WHAT’S THE STORY?

IT was 50 years ago today that the Tet Offensive began in South Vietnam. The North Vietnamese People’s Army of Vietnam (NVA) and the insurgents within South Vietnam, the Viet Cong, launched a series of co-ordinated attacks on South Vietnamese positions including the capital city Saigon, where the US Embassy was a target.

The South Vietnamese military and their “advisers” in the US forces – there were almost 500,000 Americans in Vietnam at the time – were taken almost completely by surprise due to a colossal failure of intelligence.

The NVA had been spotted moving men and supplies to the borders of South Vietnam for days earlier, but no-one in command realised that they were doing so to go to the assistance of the Viet Cong, the Communist insurgents across South Vietnam, and not to aid the besiegers of the US base at Khe Sanh, a battle that had begun on January 21. It would be a very costly mistake, as most historians say the Tet Offensive was the beginning of the end of American involvement in Vietnam, where the US forces had been sent to aid the anti-Communist South Vietnamese government oppose the forces of the North Vietnam government previously led by Ho Chi Minh.

In November, 1967, the American military leader General William Westmoreland showed just how wrong the US high command was about the state of the war.

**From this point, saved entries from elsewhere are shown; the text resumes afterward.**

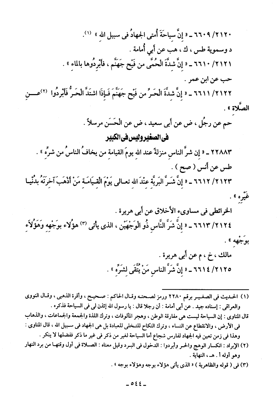 2120/ 6609 - "إِنَّ سِياحَةَ أُمتى الجهادُ في سبيل اللَّهِ" (¬1).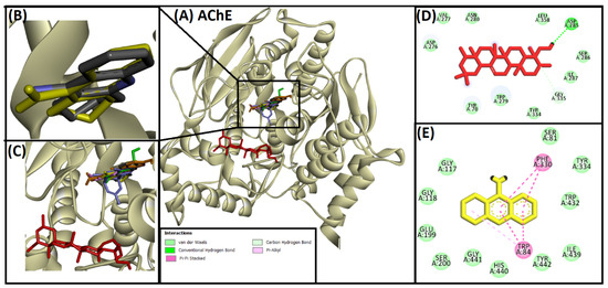 Superimposed image of docked ligands in the active site of AChE (PDB ID: 1ACJ). (A) All of the docked ligands (native ligand: grey color; redocked ligand: yellow color; Alpinetin: pink color; Calycosin: golden color; HuperzineA: blue color; Hydroxytyrosol: green color; Soyasapogenol B: red color) in the catalytic active site. (B) Superimposed zoomed-in image of native ligand and redocked native ligand. (C) Zoomed-in image of all of the docked ligands. (D) Molecular interaction analysis of Soyasapogenol B with amino acid residues. (E) Molecular interaction analysis of redocked native ligand with amino acid residues.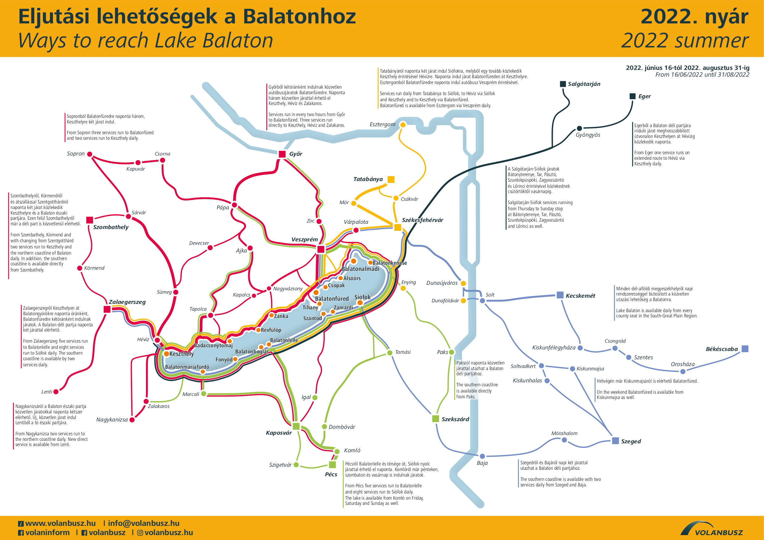 A Volánbusz Zrt. hálózatán június 16-án indul a nyári szezon, a nyári tanszünet kezdetétől az ország számos pontjáról még kedvezőbbé válik a Balaton elérése a társaság autóbuszaival. Több új járat indul, egyes járatok gyakrabban és több települést érintve közlekednek, illetve számos városban tovább javulnak az autóbuszok és a vonatok közötti átszállási lehetőségek.
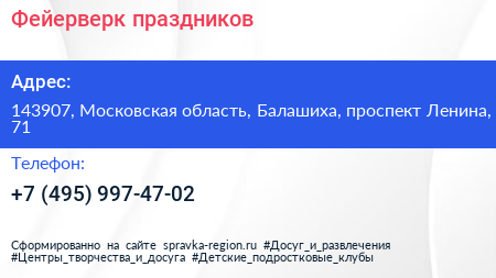 Фейерверк праздников по адресу 143907, Московская область, Балашиха, проспект Ленина, 71 в дальнейшем Организация, размещена в следующих категориях: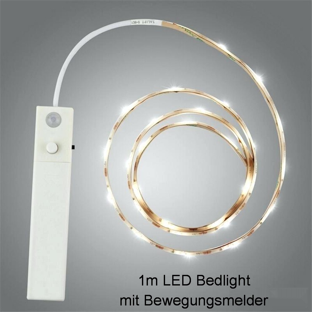 Dies ist die ideale Lösung, um nachts gefahrenlos aufzustehen. Sobald Ihre Füsse den Boden berühren, geht das BEDLIGHT automatisch an, so dass Sie gefahrenlos aufstehen können. Die Montage ist dank dem vormontierten 3M-Doppelklebeband kinderleicht und sehr schnell. Das BEDLIGHT wird ganz einfach unter der Bettkante montiert. Am Bedienelement wählen Sie den gewünschten Modus. Sie haben die Möglichkeit zwischen "MAN" oder "AUTO". Der "MAN" (manuelle) Modus ermöglicht Ihnen das Ein/Aus-Schalten per Knopfdruck. Der "AUTO" (automatik) Modus aktiviert den Sensor. Somit schaltet sich das Licht bei Dunkelheit ein, sobald der Sensor eine Bewegung registriert. Die Brenndauer im Automatik-Betrieb beträgt 20 Sekunden je Schaltung. Die vernünftige Leuchtkraft ist ausreichend, so dass Sie keine weitere Lichtquelle benötigen. Dieses Produkt eignet sich besonders für ältere Personen, Kinder und all diejenigen, welche bei Dunkelheit etwas mehr Sicherheit benötigen. MIT KLEINEM AUFWAND - VIEL KOMFORT UND SICHERHEIT.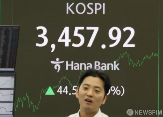 [서울=뉴스핌] 양윤모 기자 = 미국 연방준비제도(Fed)가 기준금리를 0.25%포인트 인하한 18일 오후 코스피가 전장 종가보다 44.52 포인트(1.30%) 상승하며 3457.92로, 코스닥은 11.43 포인트(1.35%) 상승한 856.96으로 거래되고 있는 가운데, 서울 중구 하나은행 딜링룸에서 직원들이 업무를 보고 있다. 서울외환시장에서 원·달러 환율은 전장 대비 5.80원 상승한 1385.90원에 거래되고 있다. 2025.09.18 yym58@newspim.com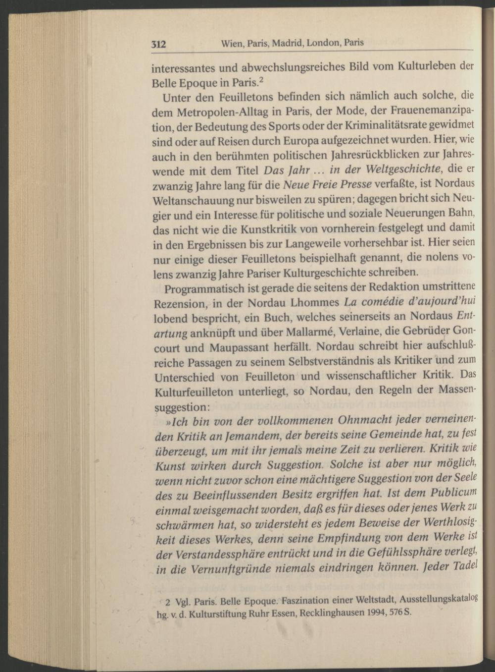 2 Vgl. Paris . Belle Epoque . Faszination einer Weltstadt, Ausstellungskatalog hg. v. d. Kulturstiftung Ruhr Essen, Recklinghausen 1994,576 S.
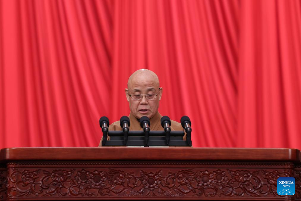 Yanjue, a member of the 14th National Committee of the Chinese People's Political Consultative Conference (CPPCC), speaks at the third plenary meeting of the second session of the 14th CPPCC National Committee at the Great Hall of the People in Beijing, capital of China, March 9, 2024. (Xinhua/Jin Liwang)

He said: “I am absolutely certain that whereas in 1965 the enemy was winning, today he is certainly losing. We have reached an important point when the end begins to come into view.”

He was right about the latter statement but not for the reason he thought.

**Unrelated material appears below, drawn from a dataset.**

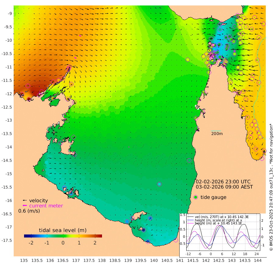 33cm/s 122T +3cm/s rms + 7cm/s -42T. ARA-GOC87 57m 10cm/s 162T +3cm/s rms + 2cm/s -2T. ARA-GOC87 60m 32cm/s 117T +2cm/s rms + 3cm/s 61T. ARA-GOC87 47m 28cm Daru 45cm Bobo Island 88cm Meer Island Barge 93cm Bramble Cay 69cm Unnamed Cay 71cm Pearce Cay 74cm Stephens Island 77cm Merrie England Shoals 45cm Mutacomal Reef 71cm Darnley Island Barge 97cm East Cay 49cm Yorke Island Barge 53cm Rennel Island 42cm Aureed Island 20cm Dungeness Reef -32cm Zagai Island -26cm Yam Island -61cm Dauan Island -59cm Saibai Island -66cm Phipi Reef -40cm Warrior Reef - West -27cm Mabuiag Island Barge 49cm Half Way Island 24cm Coconut Island 37cm Dugong Islet 1cm Poll Island 1cm Kirkcaldie Reef -28cm Suarji Island -8cm Sue Islet 81cm Hawkesbury Island -9cm Alert Patches -8cm Twin Island 43cm Badu Island -30cm St Pauls (Moa Island) 42cm Kubin (Moa Island) -3cm Ince Point 7cm Thursday Island 3cm Nardana Patches 31cm Turtle Head 48cm Round Island 74cm Goods Island 82cm Booby Island 87cm White Rocks Area 58cm Carpentaria -12cm Papou Point 100cm Bampfield Head 53cm Crab Island 75cm Red Wallis Island 55cm Packe Island 32cm Harrington Reef 64cm Herald Camp -32cm Sharp Point 27cm Red Island Point 9cm Possession Island -3cm Alpha Rock 8cm Frederick Point 43cm Wyborn Reef Light 32cm Tetley Island 73cm Triangle Reef 58cm Turtle Head Island 83cm Maclennan Cay 92cm Raine Island 62cm Mcsweeny Reef 67cm Collette Reef 78cm Shadwell Reef 79cm Hannibal Island 101cm Round Point 45cm Vrilya Point 90cm Cape Grenville 90cm Hicks Island 98cm Sir Charles Hardy Island 25cm Harvey Island 105cm Kay Reef 96cm Rocky Island 106cm Chapman Island 98cm Ham Reef 95cm Jubilee Reef 81cm Night Island 99cm Unnamed Reef No. 3 102cm Morris Island 94cm 1st 3 Mile Opening 96cm Creech Reef 93cm Fife Island 126cm Eden Reef 105cm Stanley Island 119cm Normanby River 223cm Yabooma Island 251cm Hutchison River 212cm Elcho Island 197cm North West Crocodile Island 157cm Cape Wessel 196cm Stevens Island 133cm Guluwuru Island 184cm Hopeful Bay 167cm Auster Point 168cm Two Island Bay 205cm Cadell Strait 121cm Mallison Island 118cm Melville Bay (Gove Harbour) 130cm Truant Island 69cm Cape Arnhem 22cm Cape Grey 0cm Hawk Island -55cm Milner Bay (Groote Eylandt) -65cm Cape Beatrice -127cm West Island -130cm Centre Island -141cm Mornington Island -133cm West Wellesley Islands -139cm Bountiful Island -170cm Albert River Mouth -182cm Sweers Island -174cm Karumba -95cm Nassau River Offshore -49cm Christmas Creek 11cm Archer River 26cm Boyd Point 35cm Weipa (Humbug Point) 21cm Pennefather River 40cm Cullen Point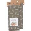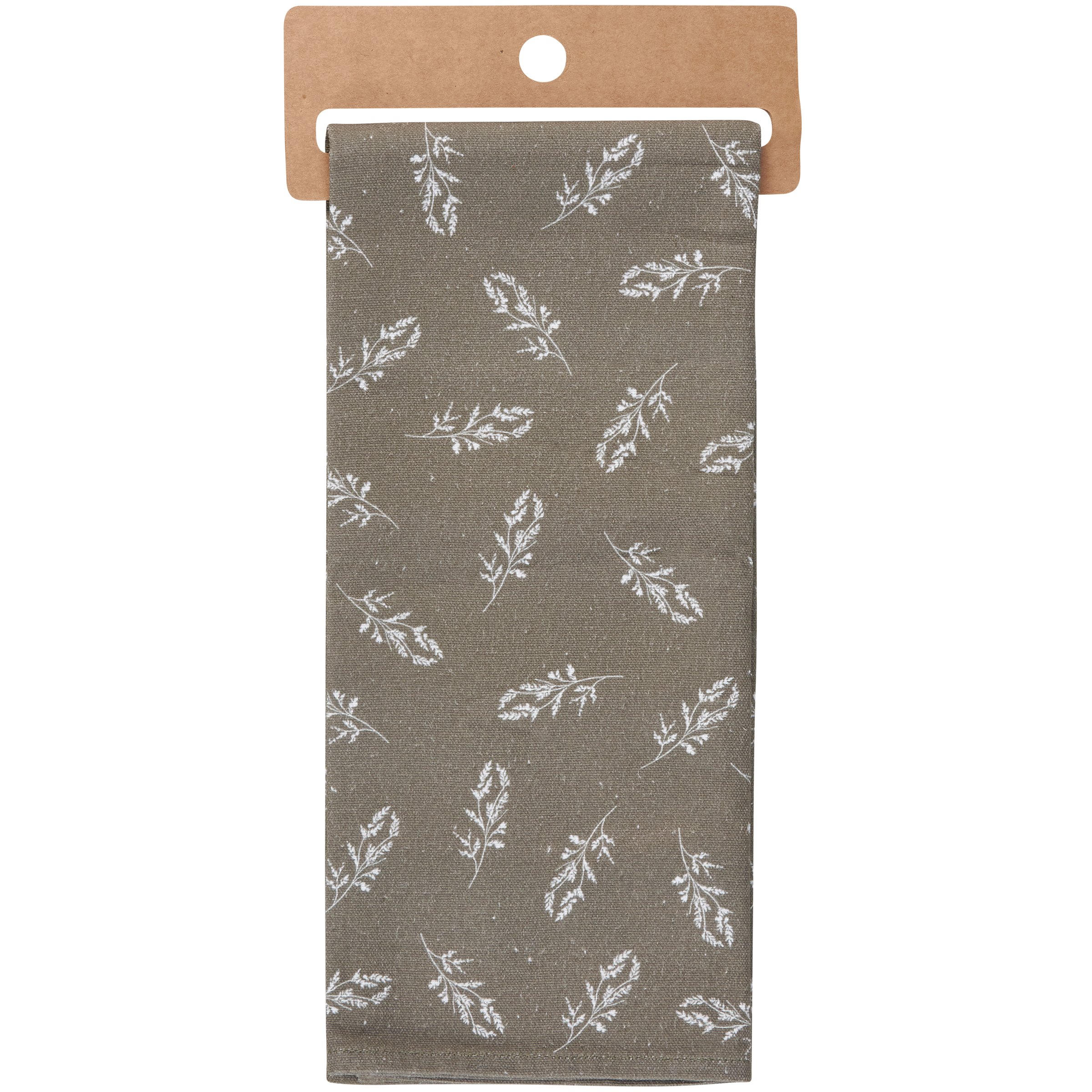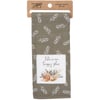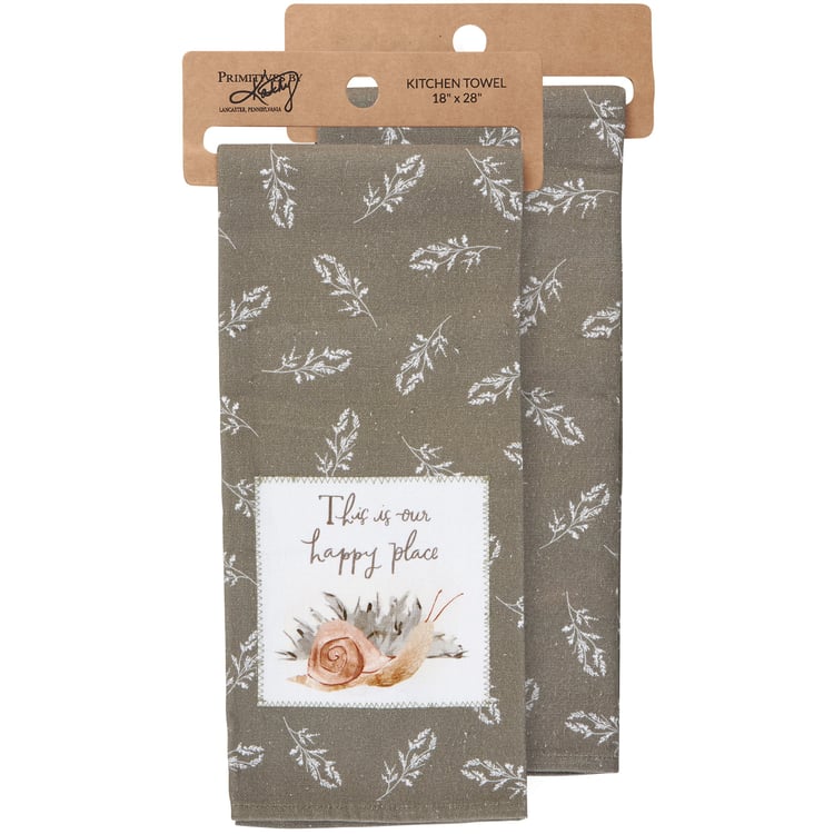 A cotton kitchen towel from our Cottagecore Collection featuring a stitched art panel and all-over leaf pattern. Art panel displays a design of a snail with an inspirational sentiment that reads "This Is Our Happy Place." Designs are replicated from original artwork hand painted in a watercolor style. Our Happy Place kitchen towel is conveniently machine-washable for easy cleaning. Packaged on a cardboard hanger with hole to easily hang on rack. A nature-themed kitchen accessory perfect for everyday use.

WHAT HAPPENED DURING THE OFFENSIVE?

THE Politburo in Hanoi had decided to mount what they called the General Offensive General Uprising. Ho Chi Minh by that point was no longer the active leader that he had been and would indeed die a year later. His successor as leader, Le Duan, the First Secretary of the Communist Party, had bested his opponents within the party who wanted a peaceful settlement and the offensive was given the go-ahead.

It takes its name from Tet, the Vietnamese New Year holiday, which that year was celebrated on January 30 and 31, and which was supposed to be the biggest festival of the year. Instead it became a signal for the Viet Cong to rise up across Vietnam, backed by North Vietnamese forces.

Some of the Viet Cong got the message wrong and attacked early on January 30, but the main attacks came that night and the following day.

Many of the eventual 24,000 South Vietnamese and American casualties were killed in just the first few hours of the offensive as the communist forces overran bases and entire towns in an attempt to win a quick victory that would inspire the general populace of South Vietnam to rise up against their government. This was a mistake on the part of the Hanoi Politburo – the South Vietnamese people were not then inclined to be ruled by the communists, and the South Vietnamese Army and the US forces started to resist the offensive with superior numbers and far better equipment including helicopters.

The battle of Hue, the former imperial capital in the north of the country, for example, would last for weeks. During that time the casualty rate for one American company reached around 60 per cent killed or wounded, similar to the D-Day landings at Normandy during the Second World War. The recapture of Hue on February 24 marked the end of the offensive.

WHAT DID IT DO TO MORALE IN THE US?

THE country was almost completely in shock due to having been told they were winning the war. Khe Sanh and the Tet Offensive proved they were not and the sight of Americans dying on the front line proved a turning point in the nation’s view of the war.

One of the most famous pictures of the entire Vietnam war was taken on February 1 at the start of the offensive. In a Saigon street, the South Vietnamese police chief Lt Col Nguyen Ngoc Loan, shot Viet Cong prisoner Nguyen Van Lem aka Bay Lop. Loan had just been told that his best friend, another police officer, had been killed, and his six children – including Loan’s godchildren – had been murdered in cold blood by Lop, but the picture came to symbolise the South Vietnamese government and many Americans questioned why their boys were dying over “there”.

WHO WON?

MILITARILY the South Vietnamese and the US forces won the day eventually, but only after horrendous casualties on both sides – 1968 would later be marked as the bloodiest year of the entire war.

Politically, the communists won, because not for the first time, the US Government had been shown to lie about their progress in Vietnam.

Veteran television presenter Walter Cronkite, the man who told America that President John F Kennedy was dead, went to cover the end of the offensive and said it was time for the US to end the war.

“The only rational way out then,” Cronkite said to a huge television audience, “will be to negotiate not as victims but as an honourable people who lived up to their pledge to defend democracy and did the best they could.”

President Lyndon B Johnson responded: “If I’ve lost Cronkite, I’ve lost middle America.”

A month after the Tet Offensive ended, Johnson addressed the nation on TV. He said he would press for peace, stop the bombing in North Vietnam and would not seek another term as president.

Under his successor Richard Nixon, America eventually got that peace in 1975 but the North Vietnamese communists got the whole of Vietnam and Saigon became Ho Chi Minh City. The united Vietnam is still officially a socialist republic, but has embraced reforms so that it is now one of the fastest growing economies anywhere.

Fifty years on, not many commemorations of the Tet Offensive are taking place.